In an effort to better inform consumers, in September California adopted a new law requiring furniture makers to label their products with a disclosure of the fireproofing chemicals they use.

California Makes it Law: Label Toxic Flame Retardants in Furniture | Environmental Working Group

At the same time legislators called for a stricter law that would ban the 10 most toxic flame retardants, which have the greatest potential for harmful effects. Sen. Charles Schumer Proposes Ban On 10 Flame Retardants In Kids Products CBS New York

Surprisingly, with so much attention on toxic flame retardants lately, nobody has really understood how they are getting into the environment, especially the more harmful ones that are typically only used for curtains and upholstery, which are rarely laundered. Finally, a new research project has answered the question...

Quote:
Mystery solved: How toxic flame retardants get into the environment

SEATTLE -- Scientists have well chronicled the vast reach of flame retardants in waterways and wildlife -- even in the most remote corners of the planet.

But exactly how toxic flame retardants get from inside homes and then out into the environment has never been confirmed until now, says the author of a new study.

The peer-reviewed study published Wednesday in the journal Environmental Science and Technology found household flame retardants, a portion of which degrades into dust, cling to our clothing and are then washed away in our washing machines.

The wastewater then goes to municipal treatment plants, where it passes through into the environment.
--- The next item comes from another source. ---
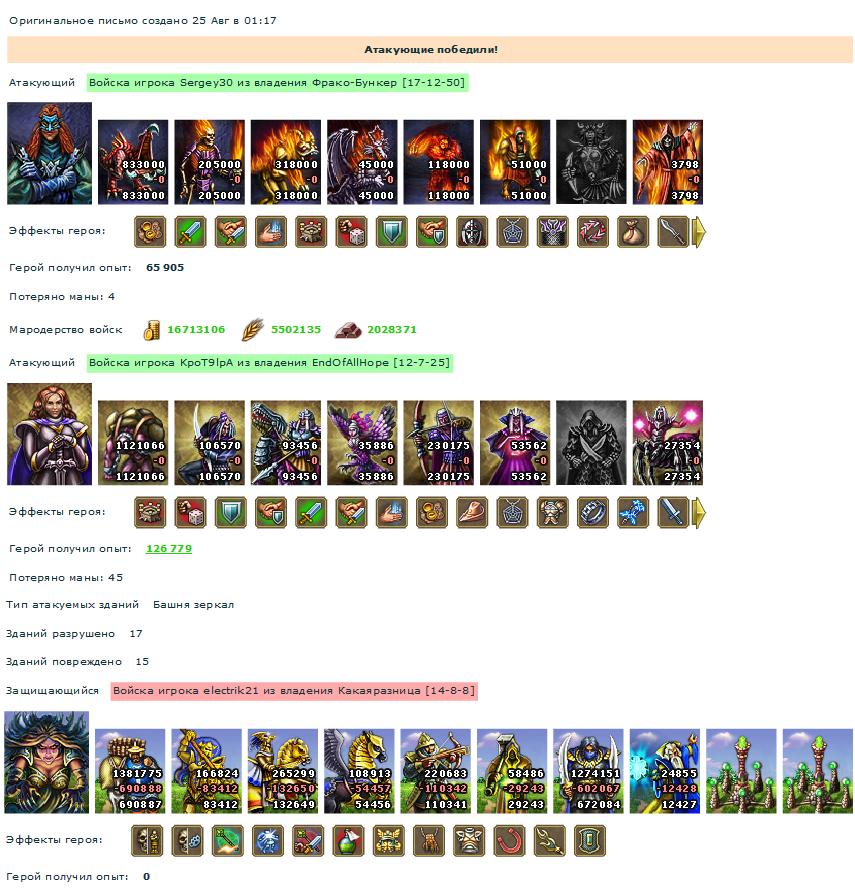 Подняли они воскрешением по 2кк найма, квестами, артами, свитками разогнали атаку. Спрятали под маскировкой армии, но спалились перед выходом (мы поймали момент, когда герои с раздутием были в подвале).

While some levels of certain kinds of flame retardants tend to cling to sludge and then disposed on land, much of it is water soluble and exits the treatment plants directly into waterways.

"The levels that we found in the effluent add up to make these a very significant water pollutant," said Erika Schreder, study lead author and staff scientist with the Washington (State) Toxics Coalition. "The fact that these flame retardants are being discharged in large quantities into our waterways is a threat to human health and it's a threat to our fish and wildlife."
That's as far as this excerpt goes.